Comparison of DIAMOnD with other methods. (A) Enrichment of the gene sets obtained by five gene-prioritization methods and DIAMOnD with non-asthma-specific validation data. For each method we use the 350 highest ranked genes. All tested methods show comparable performance. (B) Enrichment according to asthma-specific data. Here, DIAMOnD clearly shows stronger enrichment and outperforms the other methods. (C) Venn diagram of the gene sets of the three methods with the best performance in (A) and (B). While there is a significant overlap, each method also has a considerable number of unique genes. (D) Comparison of the degrees of the 232 unique DIAMOnD genes and the 267 combined unique genes from (C). The genes identified by the other two methods contain many network hubs that are absent in DIAMOnD.

Figure 4.

Overlap between Asthma disease module and the 11 other immune-related diseases. (A) Venn diagram of the three immune-related diseases with the highest overlap with the asthma module. Seventy-two genes are common among the four diseases. (B) Connected component in the interactome of the 65 genes unique to the asthma module. (C) The largest connected component of the asthma module with genes highlighted in purple that are differentially expressed between poorly and well-controlled asthma subjects. (D) The three pathways that are fully embedded in the asthma disease module (shown separately on the side).

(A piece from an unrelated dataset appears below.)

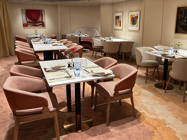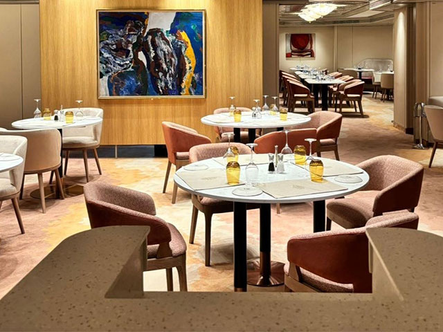 The View restaurant has a welcoming feel and beautiful views of the ocean provided by its large windows, and is the perfect venue for casual, self-serve dining with table-service drinks (from Janaury 2026) for those who feel they would prefer a more relaxed dining experience. Offering all kinds of delicious breakfast, lunch and dinner options, plus a tasty selection of complimentary afternoon teas with sandwiches, scones and tempting cakes, all baked on board. Treats of the Region dishes are also available, which are local to the destinations you are visiting, so there’s plenty of opportunities to sample something new.

Seed genes are circled in red. (E) Effect of GC treatment in fibroblast cells. We determined the differentially expressed genes from ‘normal-untreated versus normal-treated’ and ‘asthma-untreated versus asthma-treated’ and mapped them to the interactome. The asthma module is significantly enriched with differentially expressed genes. These genes are highly interconnected inside the module (z-score = 7.8 and 6.5 for normal and asthmatic; orange bars), whereas the differentially expressed genes that fall outside the module are scattered and do not form significant clusters (blue bars). (F) Co-expression networks of GAB1 pathway genes in normal and asthmatic fibroblast cell lines.

Figure 5.

Putative GC mechanism effect via GAB1 in the asthma module. (A) The consensus functional GC response element (GRE) in target genes reads 5′-AGAACAnnnTGTTCT-3′. The probable GRE-binding site conserved in the GAB1 promoter region is 2742–2758 bp. (B) Expression of GAB1 and NFkB (p65) in Beas-2B cells transfected with GAB1-targeted or non-target (NT) control siRNA, as detected by western blot. β-Actin was used as loading control. Band density was quantified using Image J and then normalized to β-actin control. (C) Putative molecular mechanism for the downstream inhibition of NFkB after GC-treatment via the GAB1 signalsome pathway in the asthma module. The activation of NR3C1 via GCs can trigger GAB1 through several MAPK family members. Alternatively, GAB1 may also be a direct GC target as suggested by A. From the 11 genes in the GAB1 signalsome pathway, GAB1, PIK3R1 and PAG1 are differentially expressed both in normal and asthmatic cells. (D) Illustration that GAB1 regulates NFkB regardless of the presence of GCs.